(Extracted records)
================

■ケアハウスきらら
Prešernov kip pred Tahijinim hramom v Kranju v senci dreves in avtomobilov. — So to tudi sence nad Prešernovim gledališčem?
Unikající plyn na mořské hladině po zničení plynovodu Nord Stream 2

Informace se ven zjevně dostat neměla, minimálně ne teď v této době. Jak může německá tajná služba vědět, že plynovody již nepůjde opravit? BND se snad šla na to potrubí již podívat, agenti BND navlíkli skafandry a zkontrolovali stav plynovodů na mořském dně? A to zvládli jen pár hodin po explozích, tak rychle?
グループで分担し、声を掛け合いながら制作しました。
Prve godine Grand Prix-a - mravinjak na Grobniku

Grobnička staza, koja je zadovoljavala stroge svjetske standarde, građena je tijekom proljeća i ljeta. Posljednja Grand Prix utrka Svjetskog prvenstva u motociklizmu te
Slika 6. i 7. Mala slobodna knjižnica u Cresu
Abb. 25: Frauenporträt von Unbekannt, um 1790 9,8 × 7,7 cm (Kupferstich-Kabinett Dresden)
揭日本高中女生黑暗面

================

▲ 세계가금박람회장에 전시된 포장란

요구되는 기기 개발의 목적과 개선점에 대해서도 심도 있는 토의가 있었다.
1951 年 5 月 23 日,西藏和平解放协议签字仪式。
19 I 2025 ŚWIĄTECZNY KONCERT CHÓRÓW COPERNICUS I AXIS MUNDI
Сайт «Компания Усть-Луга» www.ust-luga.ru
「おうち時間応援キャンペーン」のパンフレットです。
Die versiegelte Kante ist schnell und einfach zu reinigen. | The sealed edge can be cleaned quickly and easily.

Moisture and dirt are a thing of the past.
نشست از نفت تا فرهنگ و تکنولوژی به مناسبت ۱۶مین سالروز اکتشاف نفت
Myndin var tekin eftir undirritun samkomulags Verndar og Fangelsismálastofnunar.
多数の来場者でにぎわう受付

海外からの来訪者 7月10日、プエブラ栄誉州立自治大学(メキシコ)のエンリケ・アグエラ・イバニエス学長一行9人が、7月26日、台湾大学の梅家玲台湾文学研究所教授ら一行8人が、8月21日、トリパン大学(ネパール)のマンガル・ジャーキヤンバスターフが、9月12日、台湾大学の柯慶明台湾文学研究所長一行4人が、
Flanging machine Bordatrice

================

Take the line above containing "요구되는 기기 개발의 목적과 개선점에 대해서도 심도 있는 토의가 있었다.", the line containing "Flanging machine Bordatrice", and all lines in between, and copy them exactly without anything else.

EXPECTED ANSWER ->
요구되는 기기 개발의 목적과 개선점에 대해서도 심도 있는 토의가 있었다.
1951 年 5 月 23 日,西藏和平解放协议签字仪式。
19 I 2025 ŚWIĄTECZNY KONCERT CHÓRÓW COPERNICUS I AXIS MUNDI
Сайт «Компания Усть-Луга» www.ust-luga.ru
「おうち時間応援キャンペーン」のパンフレットです。
Die versiegelte Kante ist schnell und einfach zu reinigen. | The sealed edge can be cleaned quickly and easily.

Moisture and dirt are a thing of the past.
نشست از نفت تا فرهنگ و تکنولوژی به مناسبت ۱۶مین سالروز اکتشاف نفت
Myndin var tekin eftir undirritun samkomulags Verndar og Fangelsismálastofnunar.
多数の来場者でにぎわう受付

海外からの来訪者 7月10日、プエブラ栄誉州立自治大学(メキシコ)のエンリケ・アグエラ・イバニエス学長一行9人が、7月26日、台湾大学の梅家玲台湾文学研究所教授ら一行8人が、8月21日、トリパン大学(ネパール)のマンガル・ジャーキヤンバスターフが、9月12日、台湾大学の柯慶明台湾文学研究所長一行4人が、
Flanging machine Bordatrice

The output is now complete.